We know from the Word that there is a divine meaning in the death of Christ. This is God’s plan for our salvation. There is no pardon and peace apart from atonement. There is no remission of sins apart from the shedding of blood (Hebrews 9:22), and there is no reconciliation without the payment of death. This is our atonement, our propitiation, our sacrifice for sin. This is our means of reconciliation to God. The cross to the Apostle Paul and to us is the same thing as the brazen serpent raised in the wilderness was to Moses and the children of Israel. It is a sign of universal love, mercy, forgiveness, and healing from the hands of God.
The cross is a sign of our atonement. It is a sign of our forgiveness, once and for all. It is a sign of God’s inviting love, His invitation to pardon and forgiveness. It is an invitation to life. The cross has an upraised beam. Raised toward the sky, it points toward God in Heaven. It has a lower part that touches the earth. God, reaching out His loving hand, extends it down even to us. It has crossarms and they go in either direction as far as the East goes East and as far as the West goes West (Psalm 103:12). The arms of the cross are extended to the limits of the earth. It is the open invitation to all men everywhere to find life, liberty, forgiveness, mercy, and salvation in the atoning love, sobs, tears, suffering death of the Son of God. We are all welcome.

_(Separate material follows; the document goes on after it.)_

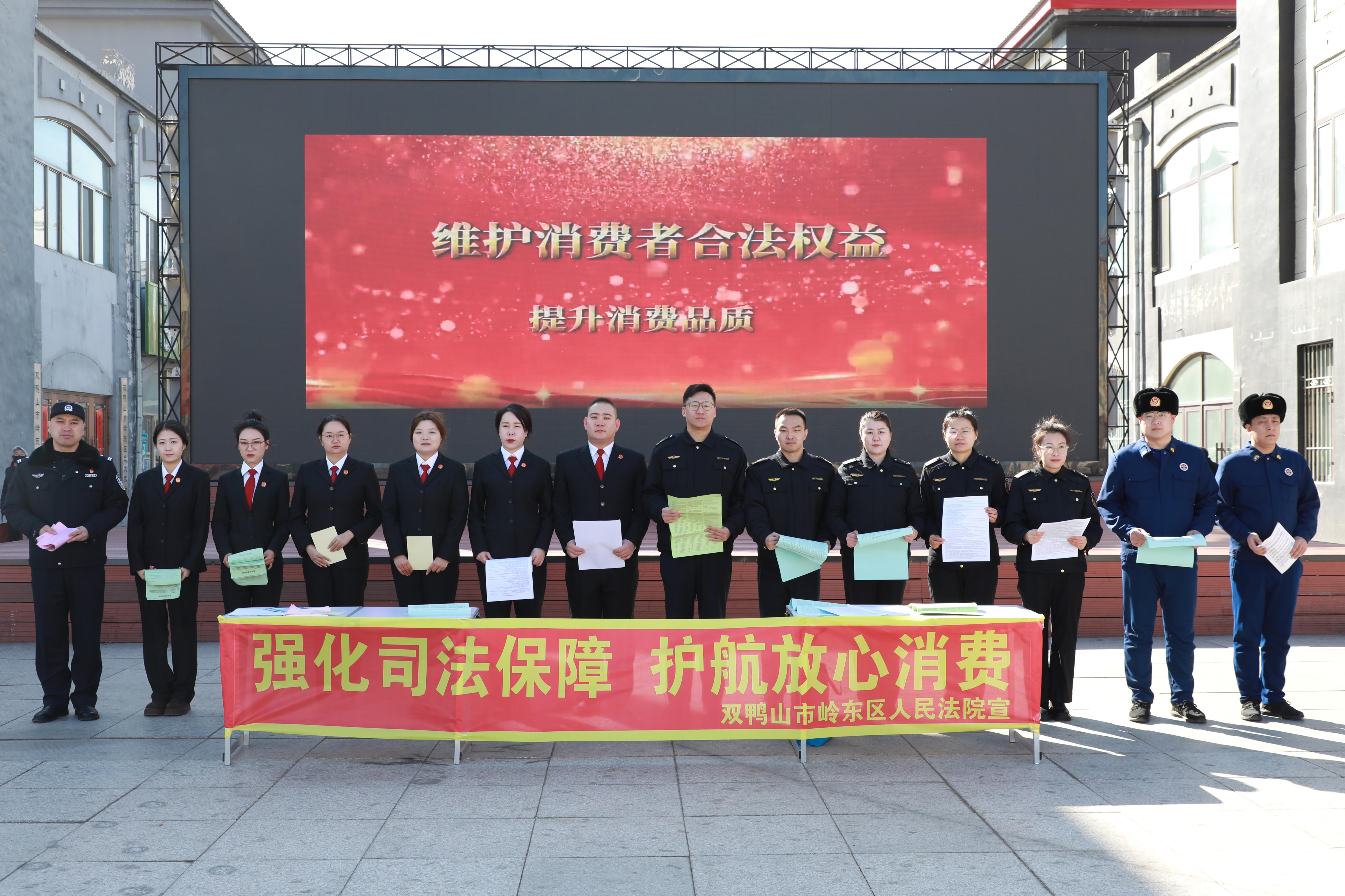 为切实增强辖区群众消费维权意识,提升依法维权的能力,全力打造安全放心、公平公正的消费环境,在“3·15国际消费者权益日”来临之际,双鸭山市岭东区人民法院联合双鸭山市市场监督管理局岭东分局、双鸭山市岭东区消防救援大队,在岭东博爱园广场共同举办了以“强化司法保障 护航放心消费”为主题的宣传活动,把法律护航和监管服务精准送到群众身边,实实在在守护好群众的“钱袋子”。

The arms of the cross extend to all mankind, to the Greek and to the Barbarian, to the Roman and to the unsophisticated, to the Jew and to the Greek, to the bond and to the free, to the lettered and to the unlearned, to the rich and to the poor, to the wise and to the unwise, to the old and to the young, to the near and to those who are far off, to the good and to the not so good, to all of us does God extend wide His invitation. The world could never be the same again because our Lord died in it. It was this planet upon which Jesus spilled His sacred blood.